Przyznaję się bez bicia, że nie przepadam za opowiadaniami. Jednak stała się rzecz nieoczekiwana i wręcz niesłychana! Zbiór opowiadań pana Pilipiuka czytało mi się bardzo dobrze. Sama się trochę zdziwiłam, ponieważ zazwyczaj taka forma do mnie po prostu nie trafia. Zdecydowanie przepadam za dłuższymi historiami. W tym przypadku jednak nie mam żadnych większych zarzutów, bo skoro książka zapewniła mi rozrywkę i nie pozwoliła mi się nudzić, to nie mogę narzekać. Nie są to opowieści nad wyraz skomplikowane – to właśnie takie przyjemne historyjki, które bardzo miło się czyta. Ogółem odbiór pozytywny.

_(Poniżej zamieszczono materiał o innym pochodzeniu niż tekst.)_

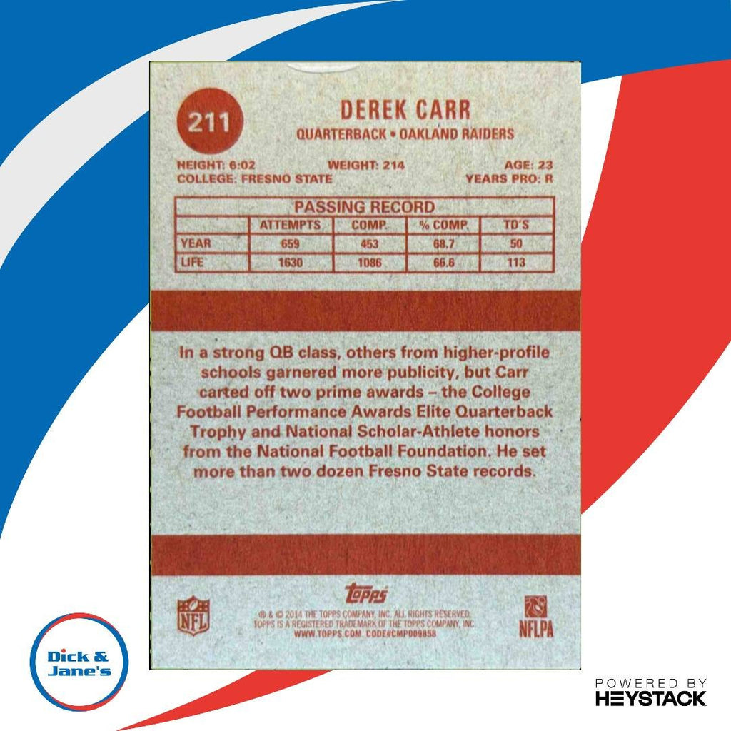 2014 Topps Derek Carr 1963 Mini #211 RC Oakland Raiders Listed With Mascot.
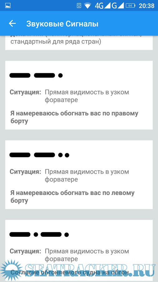 - Звуковые сигналы в условиях прямой и ограниченной видимости. Информация соответствует стандарту МППСС-72 (COLREGS-72), включая корректуру по состоянию на 2015 год.

W sumie zamieszczonych jest tutaj osiem opowiadań. Głównym bohaterem pięciu z nich jest Robert Storm. Świetny chłopak, który od razu zaskarbił sobie moją sympatię. Jego perypetie będą gratką dla osób lubujących się w historii. Robert bowiem rozwiązuje zagadki z dawnych lat, zaklęte głównie w różnych przedmiotach, chociażby w tytułowej manierce. Przyznaję szczerze, że to właśnie te pięć tekstów najbardziej przypadło mi do gustu. Kolejne dwa to losy doktora znanego jako Paweł Skórzewski. Tutaj przenosimy się do lat 1923-1927. Pierwsze opowiadanie to wyprawa do bolszewickiej Rosji, a drugie to poszukiwanie szczątków Arki Noego. W tym przypadku nie wczułam się już tak bardzo w losy bohatera, ale nadal czytało mi się tę pozycję dosyć przyjemnie. Ostatnie opowiadanie jest nieco inne od pozostałych, ale równie dobre. Poznajemy Marka, naturalistę, który poszukuje cennych minerałów. Przyznaję, że dobry tekst na zakończenie całości. Bardzo przyjazny.
Wszystkie historie wydają się być takie zwyczajne i naturalne, jednak każda z nich posiada w sobie nutkę magii. W wielu miejscach można dostrzec spisek czy intrygę. Większość tekstów trzyma w napięciu przez cały czas, co jest ich ogromną zaletą. Z pewnością nie znajdziecie czasu na nudę. Akcja jest wartka i płynna, a bohaterowie ciekawi. Historie wymyślone przez autora są barwne i różnorodne, dzięki czemu możemy przeżyć kilka różnych przygód. Przyznaję również, że styl Andrzeja Pilipiuka jest lekki, ale nie banalny. Język jest prosty, ale nie jałowy. Idealna równowaga we wszystkim zachowana – to mi się podoba.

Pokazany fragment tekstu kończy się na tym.